── Record excerpts ──
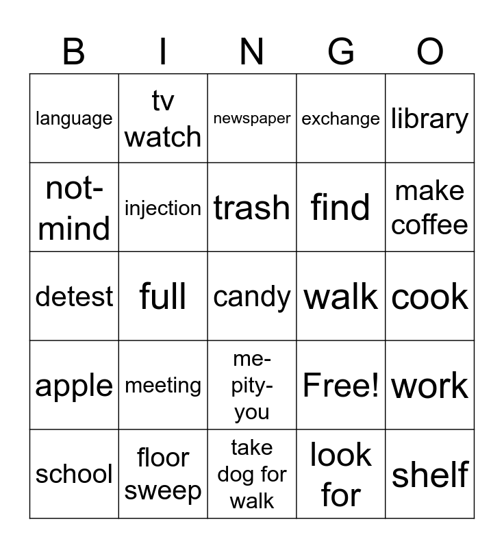 This bingo card has 25 words: meeting, take dog for walk, trash, school, library, language, not-mind, tv watch, walk, me-pity-you, find, detest, Free!, work, injection, shelf, cook, newspaper, make coffee, full, candy, floor sweep, apple, exchange and look for.
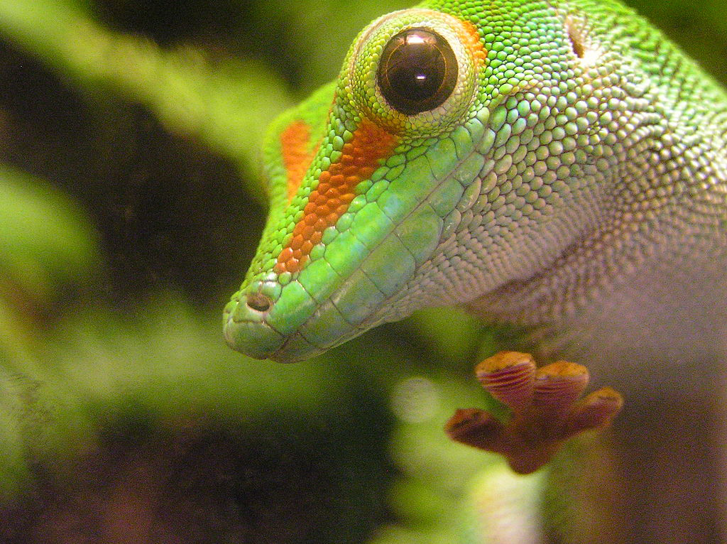 Geckos climb vertically up trees, walls and even windows, thanks to pads on the digits of their feet that employ a huge number of tiny bristles and hooks.
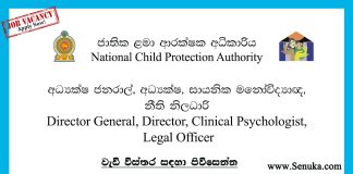 Director General, Director, Clinical Psychologist, Legal Officer – National Child Protection...
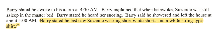 This makes sense if this is what he remembers her wearing last. Guilty knowledge imo Remember Suzanne's bathing suit was found hanging up and we saw the last picture of her sunning herself.
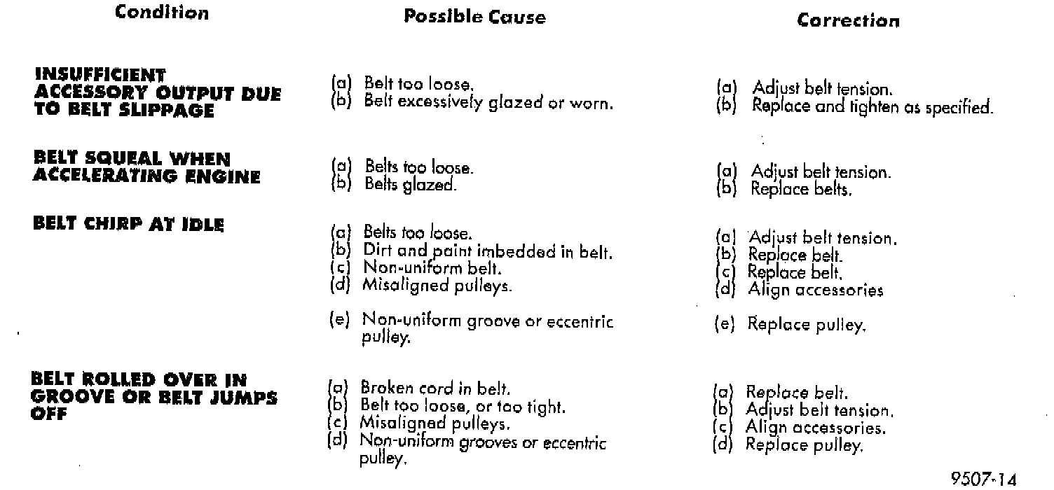 NOTE: Do not use any type of belt dressing or restorer on Poly-V-Belt and V-Belt
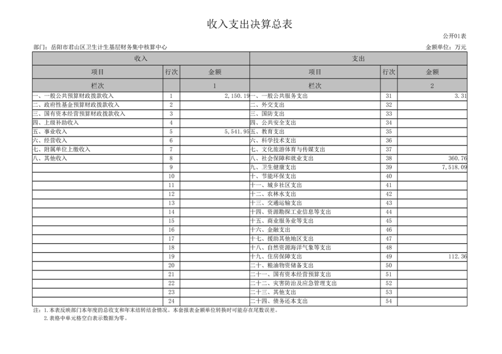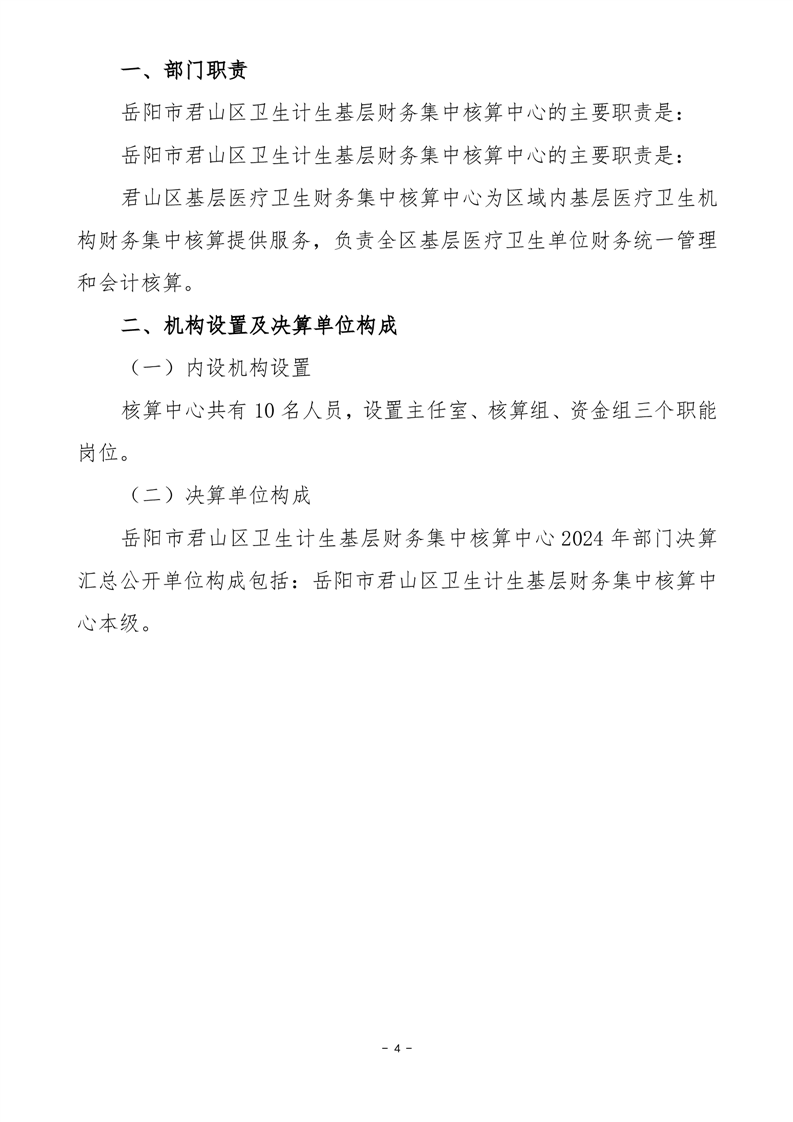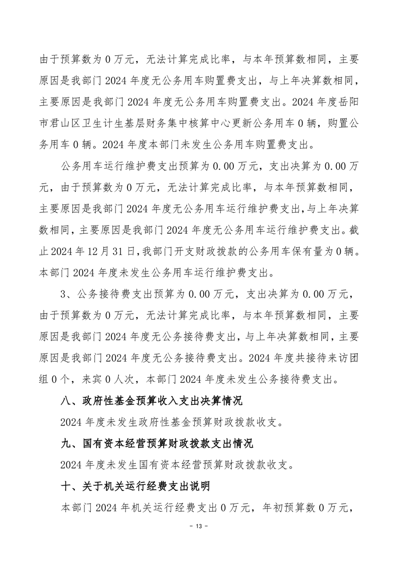 2024年度岳阳市君山区卫生计生基层财务集中核算中心部门决算公开
───
= How to complete this task =
Transcribe the entries above exactly, from their first line through the line with "Director General, Director, Clinical", and omit all pictures.

= Completed task =
 This bingo card has 25 words: meeting, take dog for walk, trash, school, library, language, not-mind, tv watch, walk, me-pity-you, find, detest, Free!, work, injection, shelf, cook, newspaper, make coffee, full, candy, floor sweep, apple, exchange and look for.
 Geckos climb vertically up trees, walls and even windows, thanks to pads on the digits of their feet that employ a huge number of tiny bristles and hooks.
 Director General, Director, Clinical Psychologist, Legal Officer – National Child Protection...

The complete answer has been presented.